# Chargeur 10W défectueux



## djgold (11 Avril 2012)

Bonjour à tous,
je viens d'acheter un nouvel ipad 64Go Wifi, hier après-midi.
Le chargeur étant défectueux, je dois me le faire changer par apple.
Mais en attendant (vu les délais), puis-je charger mon Ipad avec le chargeur de mon iphone, sachant que ce n'est pas le même voltage ni ampérage ? J'ai peur que ça abime la vie de la batterie...

Merci d'avance !
djgold


----------



## nikomimi (11 Avril 2012)

Non tu ne pourras pas le chargeur ne sera pas assez puissant, par contre si tu as un port usb 3 ou un mac tu pourra le recharger avec le cordon. Par contre sa prends + de temps que sur secteur.


----------



## Deleted member 284611 (11 Avril 2012)

Avec un chargeur d'iphone, ça marche avec un iPad 2... Par contre c'est lent...


----------



## Tosay (11 Avril 2012)

Mais le chargeur de l'iPad 3 est différent de l'iPad 2 ?


----------



## djgold (13 Avril 2012)

Merci de vos réponses,J'ai appelé Apple qui m'a dit qu'il n'y avait aucun problème à charger l'ipad 3 avec le chargeur de l'iPhone.
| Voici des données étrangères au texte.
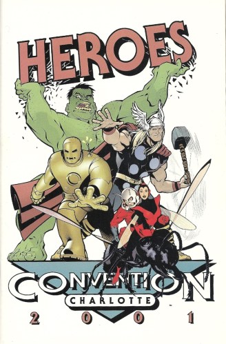 This is a little slice of comic book ephemera, a part of the convention scene that forms such an integral corner of the industry. The Heroes Convention is a long-running Charlotte gathering, founded by the Heroes Aren’t Hard to Find people, and it’s been in existence long enough to produce a meaty program to go along with the proceedings. Hence what you see before you. This 2001 edition of the in-house magazine has what you’d expect from a convention program, with thank yous, floor plans and look who’s showing up! blurbs in abundance. It’s a nice, thick little chotchke to go with whatever other swag gets carried out of the convention center.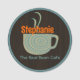 A retro looking coffee mug in teal with room for a name and business name. Copyright Night Owl's Menagerie, 2023.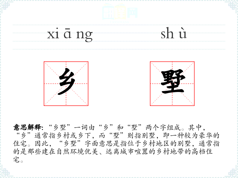 “乡墅”一词由“乡”和“墅”两个字组成。其中,“乡”通常指乡村或乡下,而“墅”则指别墅,即一种较为豪华的住宅。因此,“乡墅”字面意思是指位于乡村地区的别墅,通常指的是那些建在自然环境优美、远离城市喧嚣的乡村地带的高档住宅。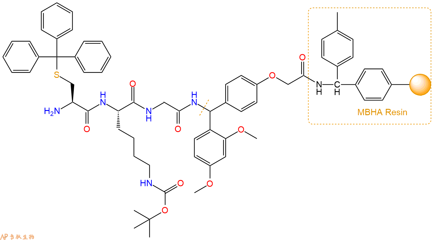 最后再经过步骤二得到 H2N-Cys(Trt)-Lys(Boc)-Gly-Linker-MBHA Resin,结构如下: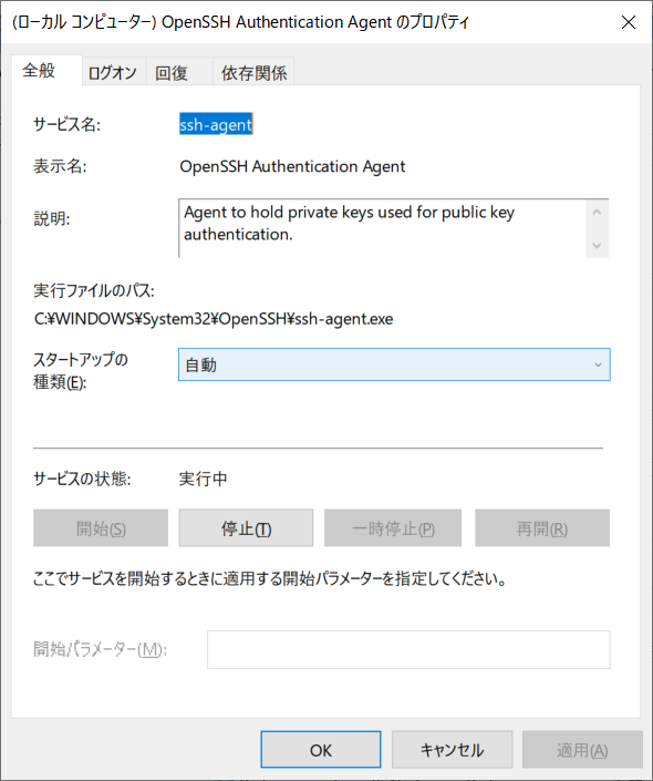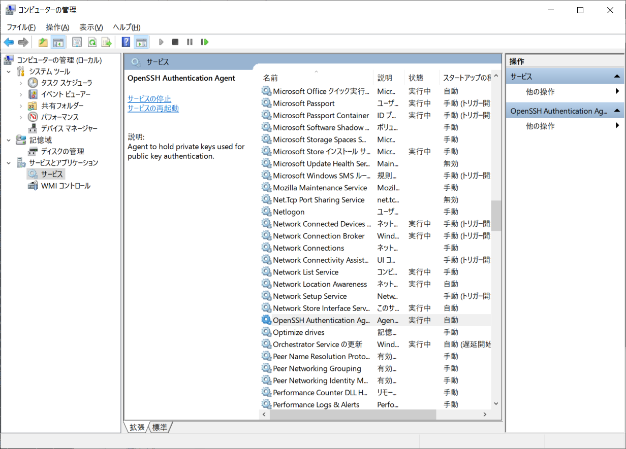 「スタートメニューで右クリック」→「コンピューターの管理」→「サービスをアプリケーション」→「サービス」から「OpenSSH Authentication Agent」を選ぶ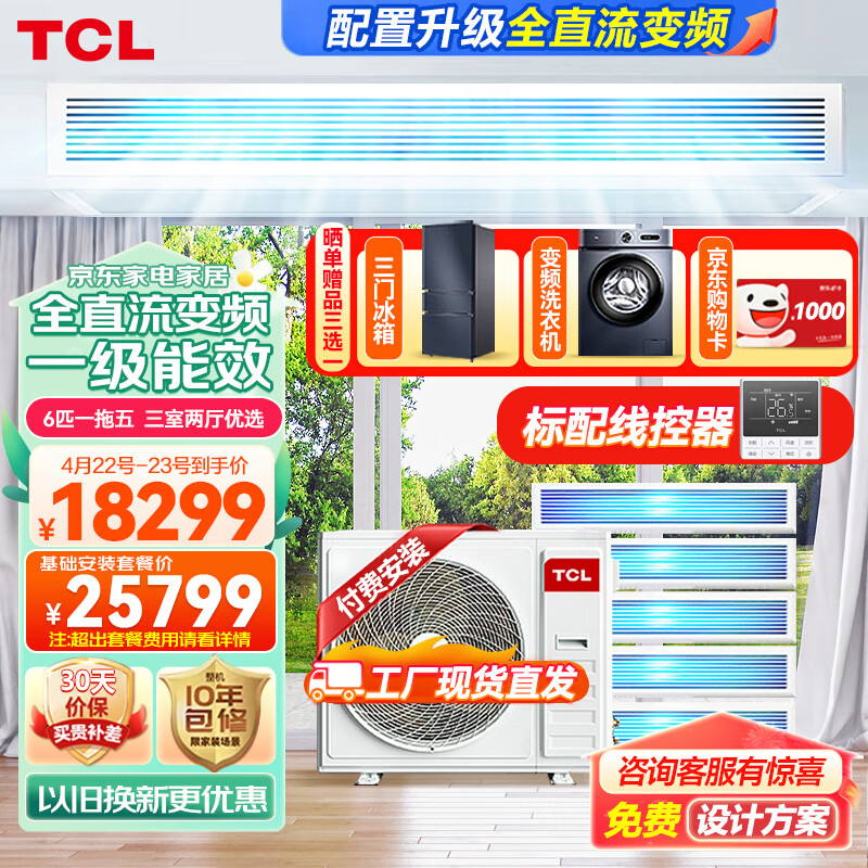 TCL中央空调6匹一拖五全直流变频新一级能效家用多联机风管机嵌入式空调 四室一厅 TMV-Vd140W/N1-D价格:20299.00元!
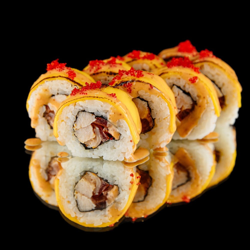 Состав: рис черный, нори, грудка копченая, соус спайси, помидор, сыр Чеддер, соус шичими, масаго красная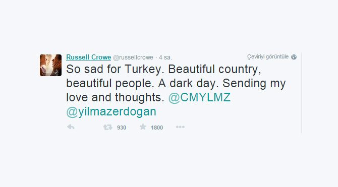 Türkiye'ye bir taziye de dünyaca ünlü oyuncu Russel Crowe'dan geldi. Yeni Zelandalı oyuncu Twitter hesabından mesaj yayınladı.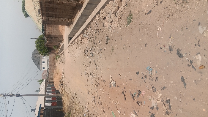 The image displays an unpaved, reddish-brown dirt road in a residential area of Jos, Nigeria, under a hazy, bright sky. The road surface is irregular, marked by scattered debris including small rocks, broken concrete fragments, light and dark plastic litter, and irregular dark stains. On the left side of the foreground, sparse dry vegetation is visible. A prominent wooden utility pole, equipped with multiple overhead wires, stands in the midground to the left. Behind it, block fences and the corrugated metal roof of a single-story structure are partially discernible. A low pile of reddish-brown sand and rubble is present on the left shoulder of the road further back. In the background, a two-story residential building with white walls and a dark gray gabled roof is prominent, flanked by other structures. On the right side of the road, a concrete drainage channel runs parallel to the dirt path. Alongside this channel, a low barrier of stacked rocks and concrete debris is present. Behind this, a tall block wall, topped with what appears to be security wire, encloses a property. Sparse, dry vegetation also appears on the right edge. No individuals or vehicles are visible in the scene.

Il n'y a que le temps de charge qui double, mais il n'y a pas d'incompatibilité pouvant endommager l'appareil ou la batterie. J'ai donc chargé en 5w et c'est vrai que ça a pris 12h!
Par contre, chapeau à Apple et UPS pour la rapidité de l'envoi de mon nouveau chargeur 10w: le lendemain de mon appel à la même heure, le même livreur qui m'avait livré la veille est venu me l'apporter!


----------